Friday, March 6, 2015

ALBUM REVIEW: Carach Angren - This Is No Fairytale


On February 23 of this year, Carach Angren came out with another Symphonic Black Metal masterpiece.

I wrote the song reviews as I listened to the music, so take into consideration that you are basically reading a live review up till the very end.

Band:  Carach Angren
Genre:  Symphonic Black Metal
Language:  Strong
Caution:  Disturbing Themes

Opening up with a small into titled "Once Upon A Time..." that slowly builds in intensity and sounds like the into to a dark telling of Little Red Riding Hood or something like that.  However, that is not the direction that this music decides to take.


If anybody is interested, the lyrics are here if you want to read along while you listen.  Simply click the song title and it will drop the lyrics down.

We then hit the second track titled "There's No Place Like Home".  With the title of the album, I originally anticipated an album that followed the thought path of some of The Grimm Brother's fairy tales.  I was very mistaken, considering this song is very much about domestic abuse.  It's actually a really dark story the lyrics paint and it borderline makes me uncomfortable with how graphically it describes everything.

At this point it is clear that this is going to be one of the darker narratives Carach Angren has undertaken as we follow the story of a brother and sister.


The next step taken in this dark journey is "When Crows Tick On Windows".  The children flee from their abusive home, only to be caught again by their father.  After dragging them back home we find that the mother has killed herself rather than live with this life anymore.  It has a rather haunting string piece at the end that turns into an emotion laden lament.

"Two Flies Flew Into A Black Sugar Cobweb" brings back the thought of flight from the nightmare house.  The children run into the woods and get lost in the night.  Fearful, they continue on till dawn when they come across a city and a small playground.  Here they meet a man dressed as a clown, who seems to want to help them at first, though it is then revealed that he only wishes to drug and kidnap them.

"Dreaming Of A Nightmare In Eden" takes a mild step away from the main narrative to tell a very dark take on part of the tale of Hansel and Gretel.  This is likely a dream brought on by the drugs they were given.

"Possessed By A Craft Of Witchery" opens with the children waking up in a basement.  They have been kidnaped by "a deranged psychotic" who hears the voice of a witch in his head.  The only way to keep the witch at bay is to kill children in a ritual manner.  We close on the death of the boy in this story.
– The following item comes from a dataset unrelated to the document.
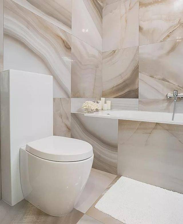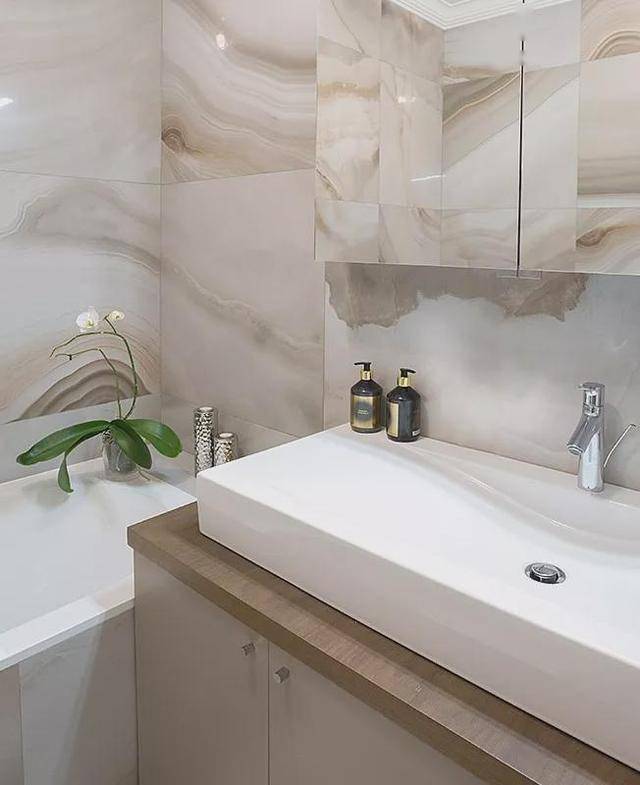 ▲洗漱间用了肉色纹理大理石在与白色洁具、木色台面的搭配下显得很干净、舒适又有点温柔的感觉。

"Killed And Served By The Devil" opens at the end of the last song.  The way the killer mutilates the boy is now described from the perspective of the sister, who is restrained in a cage in the same room this is taking place in.  After the dismemberment has finished the girl is forced to bury her brother in the back garden.  After she finishes burying the boy it is time to clean the kill room.  After being told that she will serve as a slave to the killer until the witch calls for her death, it is time to eat.  There is quite a thing at the end, which I will let you hear.

"The Witch Perished In Flames" opens on the girl waking in her cage again.  Following the murder of her brother she contemplates suicide.  However, she realizes that there is naught to be gained through her own death and she makes the commitment to be brave.  Taking her chance at the next meal, she kills the man.  During the scuffle a fire breaks out and she leaves while the monster burns in his home.

"Tragedy Ever After" begins with Gretel waking.  She ran hard into a tree and now is unsure whether she is in the real world or not.  Judging by the strange shadowy being calling to her, it would seem she is in purgatory.  Seeing as it's purgatory it makes sense that the burned corpse of her brother's killer returns.  Or wait, is it?  As the song says while the abusive father is shown leaving the room, "The real nightmare continues in reality."

**Going for longest post yet record**

So let's talk for a second.  This is a musically solid album.  Everything that they do plays to the mood of the setting they are trying to describe.  Swelling and falling, the entire album just works.

I will give this a solid 8/10, a definite score for Carach Angren to add to their discography.

I listened to this album all the way through on Wednesday and I'm not sure how obvious it is to you guys, but I definitely felt like I was falling into a dark mood while listening to this.  Something about music that has an orchestra in it just tugs at my emotions, and if you read through the lyrics while you listen the whole experience is heightened in a way.  I don't mean to sound all emo, it's just what happens.

Still though, I would call this a really good album and worth a listen. If you're not a fan of Metal, check out the first and last track since they're instrumental anyway.  It's orchestral with a gritty guitar undertone, so it's obviously good.